▽

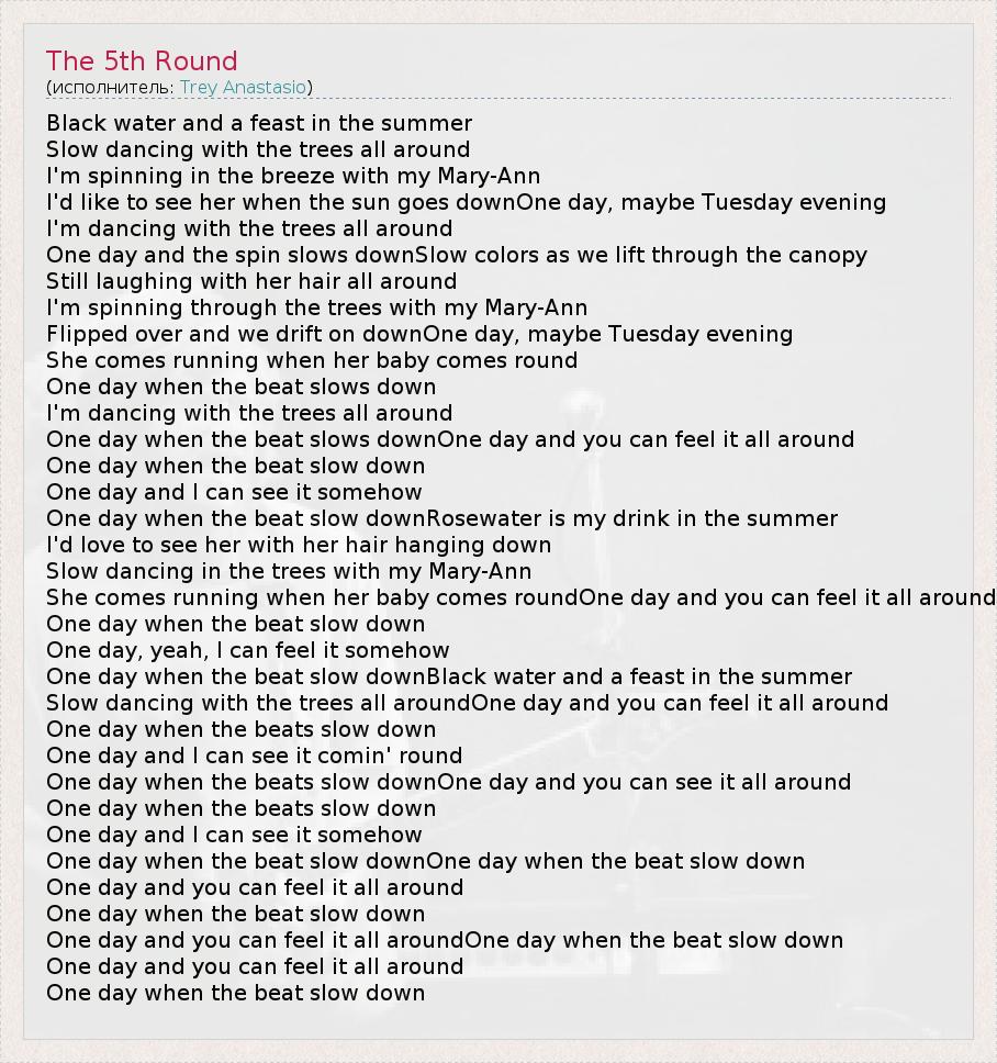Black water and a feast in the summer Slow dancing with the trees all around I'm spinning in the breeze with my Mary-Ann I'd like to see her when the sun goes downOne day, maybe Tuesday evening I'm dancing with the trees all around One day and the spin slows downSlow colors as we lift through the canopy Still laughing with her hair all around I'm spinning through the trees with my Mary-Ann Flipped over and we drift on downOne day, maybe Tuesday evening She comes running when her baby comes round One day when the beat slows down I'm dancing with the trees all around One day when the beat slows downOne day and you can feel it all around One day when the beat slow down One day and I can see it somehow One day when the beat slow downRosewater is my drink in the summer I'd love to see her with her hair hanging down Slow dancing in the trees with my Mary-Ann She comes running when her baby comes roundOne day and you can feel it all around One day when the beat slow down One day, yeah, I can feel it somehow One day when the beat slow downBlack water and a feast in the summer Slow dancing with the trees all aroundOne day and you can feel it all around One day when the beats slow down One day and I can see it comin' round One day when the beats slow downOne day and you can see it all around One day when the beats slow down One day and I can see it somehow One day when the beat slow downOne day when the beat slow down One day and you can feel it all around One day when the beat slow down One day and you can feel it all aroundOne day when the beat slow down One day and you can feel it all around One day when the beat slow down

△
▽

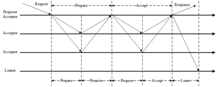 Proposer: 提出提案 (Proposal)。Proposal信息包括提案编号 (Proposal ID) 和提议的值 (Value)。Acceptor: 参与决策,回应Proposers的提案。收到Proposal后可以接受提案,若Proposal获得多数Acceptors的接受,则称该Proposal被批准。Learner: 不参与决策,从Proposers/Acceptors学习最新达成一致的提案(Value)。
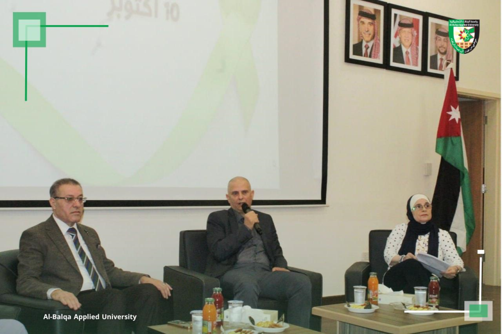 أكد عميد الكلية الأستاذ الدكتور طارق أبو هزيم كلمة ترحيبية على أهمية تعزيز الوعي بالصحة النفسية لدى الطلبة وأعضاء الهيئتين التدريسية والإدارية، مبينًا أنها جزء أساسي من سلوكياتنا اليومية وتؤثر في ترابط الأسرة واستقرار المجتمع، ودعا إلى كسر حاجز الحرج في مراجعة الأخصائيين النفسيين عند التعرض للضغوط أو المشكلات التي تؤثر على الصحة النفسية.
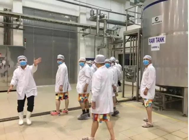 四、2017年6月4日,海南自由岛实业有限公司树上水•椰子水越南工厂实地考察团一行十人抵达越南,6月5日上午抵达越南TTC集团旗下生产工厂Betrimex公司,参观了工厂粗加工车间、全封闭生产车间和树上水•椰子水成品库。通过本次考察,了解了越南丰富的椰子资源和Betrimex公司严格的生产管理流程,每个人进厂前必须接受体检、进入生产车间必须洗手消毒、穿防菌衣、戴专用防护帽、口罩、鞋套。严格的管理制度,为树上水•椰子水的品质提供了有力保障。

△

WHAT TO PRODUCE>
Write down exactly what the lines above say, from the line holding "Proposer: 提出提案 (Proposal)。Proposal信息包括提案编号" through the line holding "四、2017年6月4日,海南", and nothing more. Do not copy the pictures.

WRITTEN RESPONSE>
 Proposer: 提出提案 (Proposal)。Proposal信息包括提案编号 (Proposal ID) 和提议的值 (Value)。Acceptor: 参与决策,回应Proposers的提案。收到Proposal后可以接受提案,若Proposal获得多数Acceptors的接受,则称该Proposal被批准。Learner: 不参与决策,从Proposers/Acceptors学习最新达成一致的提案(Value)。
 أكد عميد الكلية الأستاذ الدكتور طارق أبو هزيم كلمة ترحيبية على أهمية تعزيز الوعي بالصحة النفسية لدى الطلبة وأعضاء الهيئتين التدريسية والإدارية، مبينًا أنها جزء أساسي من سلوكياتنا اليومية وتؤثر في ترابط الأسرة واستقرار المجتمع، ودعا إلى كسر حاجز الحرج في مراجعة الأخصائيين النفسيين عند التعرض للضغوط أو المشكلات التي تؤثر على الصحة النفسية.
 四、2017年6月4日,海南自由岛实业有限公司树上水•椰子水越南工厂实地考察团一行十人抵达越南,6月5日上午抵达越南TTC集团旗下生产工厂Betrimex公司,参观了工厂粗加工车间、全封闭生产车间和树上水•椰子水成品库。通过本次考察,了解了越南丰富的椰子资源和Betrimex公司严格的生产管理流程,每个人进厂前必须接受体检、进入生产车间必须洗手消毒、穿防菌衣、戴专用防护帽、口罩、鞋套。严格的管理制度,为树上水•椰子水的品质提供了有力保障。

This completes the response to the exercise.